Demi volvió
a sacarse al hombre de encima suavemente, y forzó una sonrisa agradecida en su
cara.
—De acuerdo.
Ya estoy en mi suite, sana y salva. Gracias, Martin. Eres un encanto, pero
tienes que irte. Mañana madrugo.
El moreno
sonrió y sus manos, que ya habían vuelto a tomarla por la cintura, la atrajeron
hacia él.
—Es
temprano… Ni siquiera son las doce —murmuró junto a la oreja de Demi, algo que
a ella no le hizo ninguna gracia.
Ni el calor
de su aliento en la piel, ni sus palabras.
Tenía razón,
era temprano. Y por alguna extraña razón, Demi no tenía cuerpo de fiesta.
Había salido
sola, sin personal de seguridad, con toda la intención de divertirse y dejar de
pensar en lo que no debía, pero tenía enfrente a un moreno de catálogo de ropa
interior, que seguro le alegraría el cuerpo la mar de bien…
Y no le
apetecía.
Dentro de la
lujosa suite de Demi, Joseph apartó el periódico en el que llevaba una hora y
media intentando concentrarse sin éxito, y se acomodó mejor en el gran sofá del
salón. Se esforzó por ignorar el súbito aceleramiento de su corazón y quedarse
exactamente donde estaba, atendiendo la conversación que transcurría del otro
de la puerta, a pocos metros, y de la que, aguzando el oído, podía oír un poco.
—Es tarde
para mí — Demi lo apartó con suavidad una vez más y volvió a sonreír—. Hagamos
una cosa… Déjame tu número y te llamo, ¿te parece? Ahora tengo que dormir —le
regaló una de sus sonrisas sensuales—, esta belleza no es de plástico ¿sabes?

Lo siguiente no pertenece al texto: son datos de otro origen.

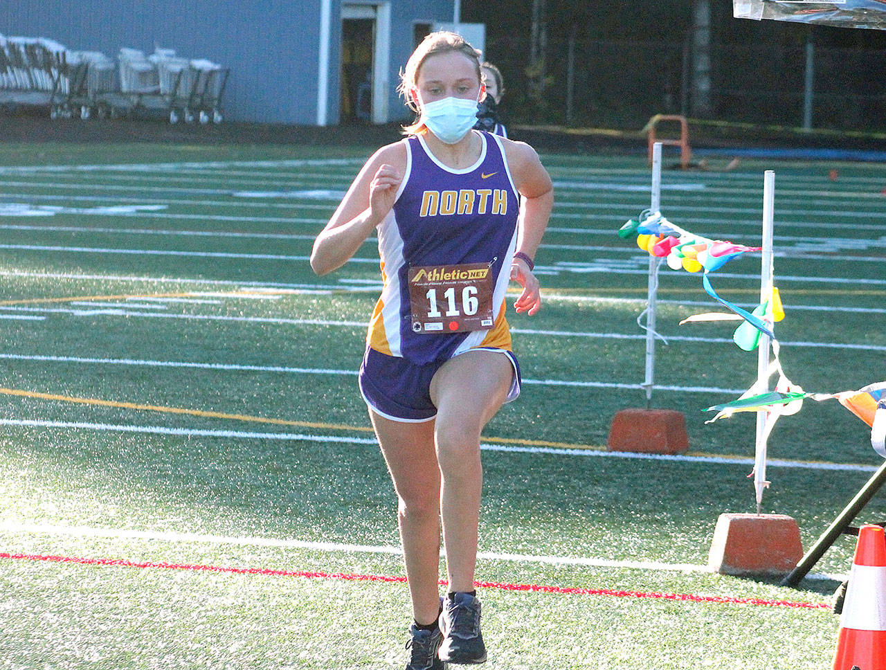 North Kitsap freshman Ingrid Burchill finishes first among her teammates. (Mark Krulish/Kitsap News Group)

Hace falta descanso para mantenerla…
Martin
volvió a la carga. La empujó contra la puerta y se coló en su cuello
apasionadamente. A Demi, el calambrazo,
resultado del golpe en el codo que acababa de darse contra el marco de la
puerta, le recorrió el brazo y acabó clavándose en su hombro, dolorosamente.
Fue imposible no chillar, pero él, más concentrado en sus propios intereses,
insistió.
—Media hora
más. Sé buena…
Dentro de la
suite, Joseph se puso de pie como impelido por un resorte al oír el quejido. La
voz de Demi lo hizo detenerse.
—Me muero de
ganas, pero no puedo —dijo ella con un gesto de “lo siento”—. Cosas de chicas,
ya sabes.
Aquellas
tres palabras demostraron ser mágicas; Martin se apartó de mala gana, y la miró
con picardía.
—Entonces
—dijo—, espera a que se te pase para llamarme.
Demi le
acarició la nariz, y volvió a disculparse, esta vez con palabras.
El hombre
continuó observándola unos instantes en silencio, decidiendo su siguiente paso.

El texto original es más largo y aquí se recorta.